Студентом в 1897 году приезжает с товарищами на Фирвальдштетское озеро и Мстислав Добужинский. «Мы решили пройти пешком по знаменитой дороге Axenstrasse от Fluehlen до Brünnen и в жаркий день с чемоданами за плечами и с альпенштоками пустились в дорогу – прогулка взяла почти целый день. Наутро поднялись по довольно страшной воздушной дороге, вися над пропастью, на Rigi Kulm, и там, в чистом воздухе этих горных высот, я долго валялся на траве, слушая перезвон коровьих колокольчиков. Спутники мои ушли искать какие-то тропинки, я же пытался рисовать и втискивал в мой маленький альбом необычную перспективу пропастей и горные пространства без горизонта. Что-то новое открывалось моему глазу художника… Мы добрались до большой казарменного типа гостиницы на вершине горы, чтобы рано утром полюбоваться оттуда на знаменитый восход солнца над панорамой Альп, но, вставши, увидели только белую стену тумана и перед нею на террасе спины англичан, закутанных в пледы, неподвижно сидящих на складных стульях.
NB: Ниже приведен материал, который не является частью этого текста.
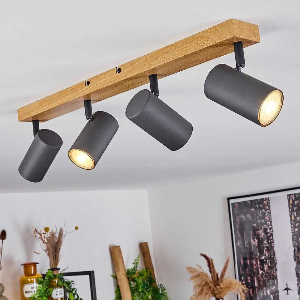 Plafonnier Salmi Led Brun, Couleur Bois, Noir, 1 Lumiere, Telecommandes
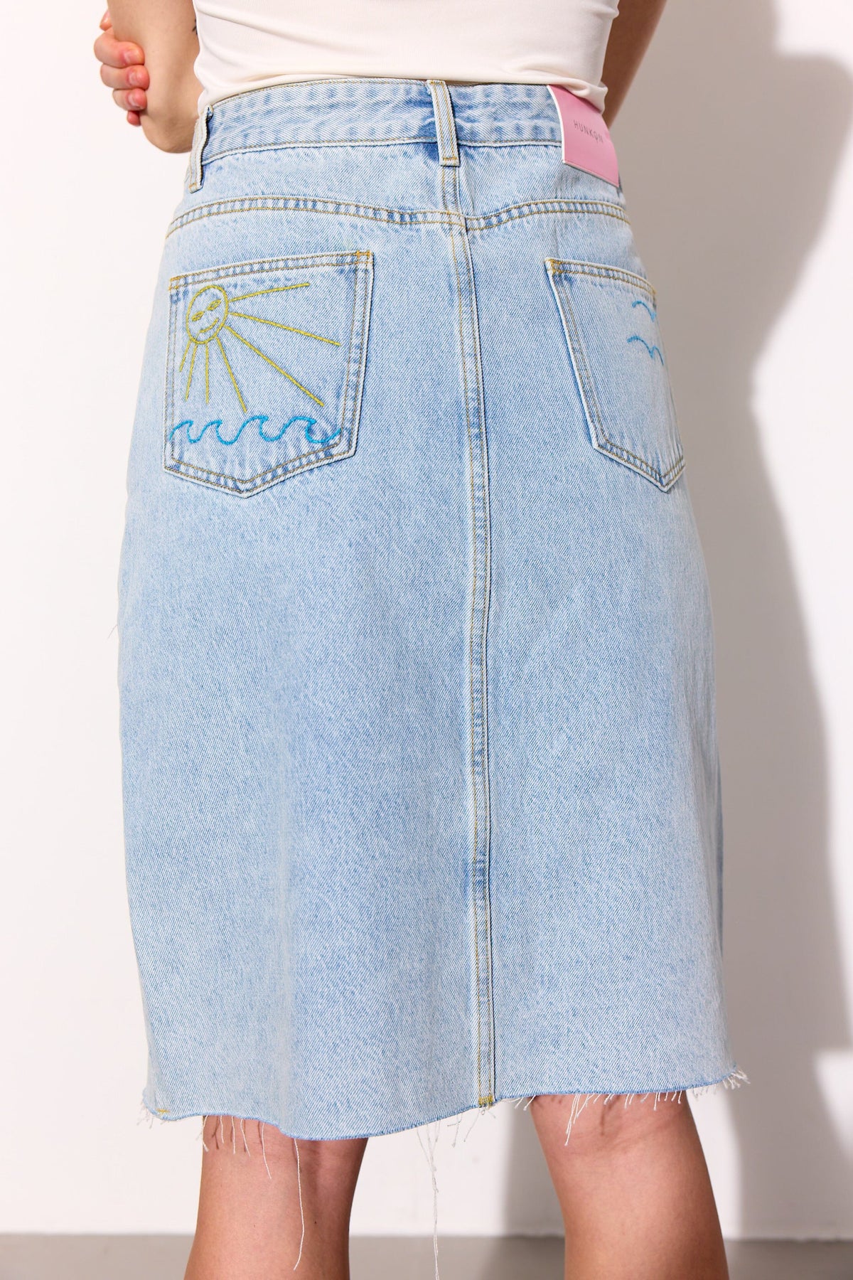Hunkøn-farkkuhame vaaleansinisestä denimistä. Hameessa on revityt yksityiskohdat edessä ja kirjailut takataskuissa aurinko- ja aaltokuviolla.
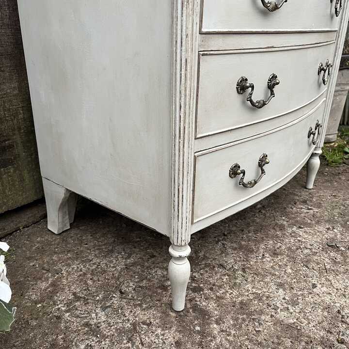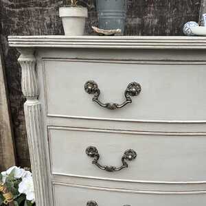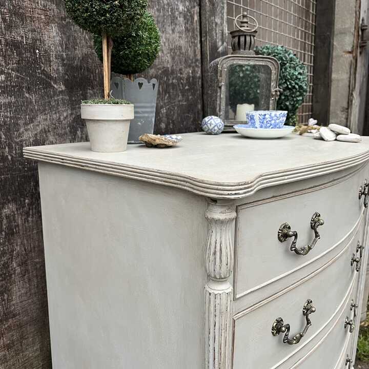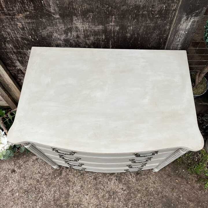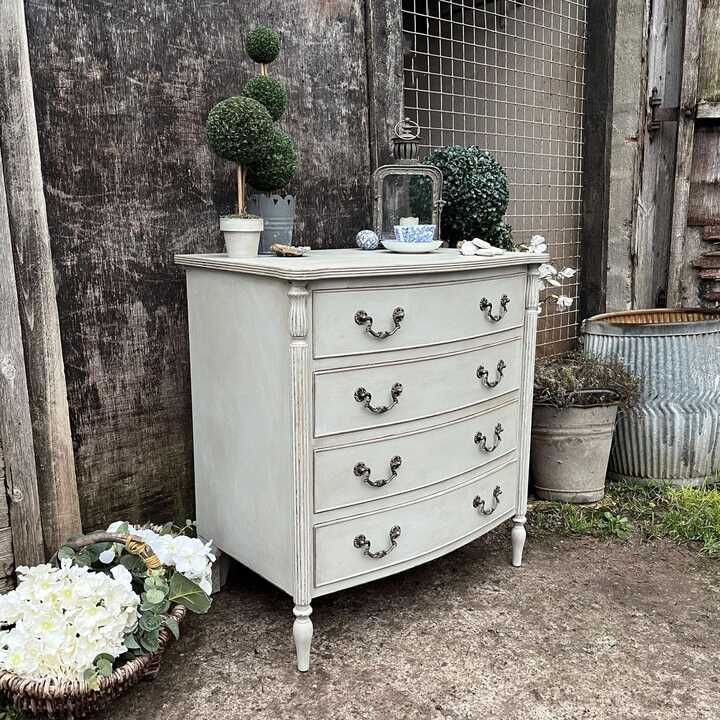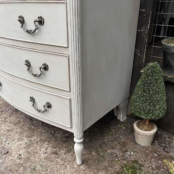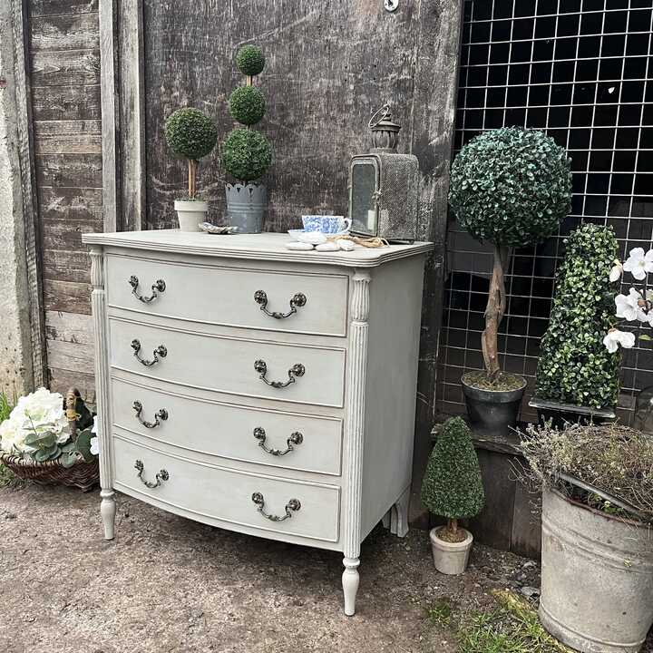 Grey Hand Painted Vintage French Country Style Bow Fronted Four Drawer Chest of Drawers / Bedside Table

Как нам говорили, они упрямо дожидались зрелища уже несколько дней».

М.В. Добужинский

Не везет и Бунину, приехавшему сюда во время своего первого путешествия по Швейцарии поздней осенью 1900 года. Туристический сезон уже закончился, горная железная дорога остановилась. В письме брату, написанном на вершине Риги-Кульма 18 ноября, Бунин рассказывает: «И вот мы пустились, не колеблясь, на ногах. Вышли в 12 и 51/2, часов шли без остановки вверх… Страшно трудно. На горах – глубокая осень видна; леса в туманах дымятся, туманы вверху в ущельях налиты сумраком. В половине второго вступили в облака, и озера внизу пропали. Что за тишина, какой туман! А леса стоят в нем, и лиственные деревья тихо роняют коричневые листы. Пар от нас мокрых, как мыши, валил, как от лошадей. Туман, то есть густота облаков, всё росла. Прошли через мост над страшной пропастью. В три часа вступили в снега. Около четырех пришли в занесенный снегами, чуть видный пятнами в тумане отель, перекусили на самую скорую руку – и дальше. Зубчатая дорога, полузанесенная снегом, идет точно в небо. И всё глуше и дичее становилось. Помню, стояли на одном обрыве, – какой там туман был внизу. Чем ниже – всё темнее. Так что в глубине – точно сепия налита. <…> Вспомнил я Россию, север. И наконец – Риги-Кульм, высота более двух тысяч метров. Все три гигантских отеля на этом конусе пусты, занесены снегом и едва видны в тумане. В главном нашли комнату, внизу в столовой для прислуги – печка, три швейцарки, налитые кровью. Обсушились, поели. И проводили долгий вечер на этой высоте, в мертвой пустоте. Идем спать». На следующий день Бунин дописывает: «Спали в шапках, я в пиджаке, под ногами грелка. Проснулись в 7 ч. – туман, растет иней. Вышли из отеля – в двух шагах ничего не видно. Подымается метель. Сидим внизу, ждем, не прорвет ли туман. Жаль вида, – отсюда видны все Бернские Альпы!»

И.А. Бунин

Разумеется, у писателей ничего не пропадает – впечатления от зимних швейцарских гор найдут отражение у Бунина в его «Маленьком романе». Знаменитую же картину Бунин увидит почти через сорок лет. «В 1937 году, – пишет Муромцева в “Жизни Бунина”, – мы с Иваном Алексеевичем провели несколько дней в швейцарском курорте Вегесе. Из Вегеса он доплыл на пароходе до Фиснау и поднялся, только не пешком, а по зубчатой дороге на Риги-Кульм и наконец увидал во всей красе панораму Бернских Альп».

По другую от озера сторону Риги расположено местечко Гольдау (Goldau), известное тем, что в начале XIX века обвал горы уничтожил эту деревню вместе со всеми жителями. Впечатления от увиденных последствий этой катастрофы находим в «горной философии» Жуковского, которую поэт излагает в письме своему воспитаннику, будущему императору Александру II. Повторим еще раз вывод Жуковского: «На этих развалинах Гольдау ярко написана истина: “Средство не оправдывается целью; что вредно в настоящем, то есть истинное зло, хотя бы и было благодетельно в своих последствиях; никто не имеет права жертвовать будущему настоящим и нарушать верную справедливость для неверного возможного блага”».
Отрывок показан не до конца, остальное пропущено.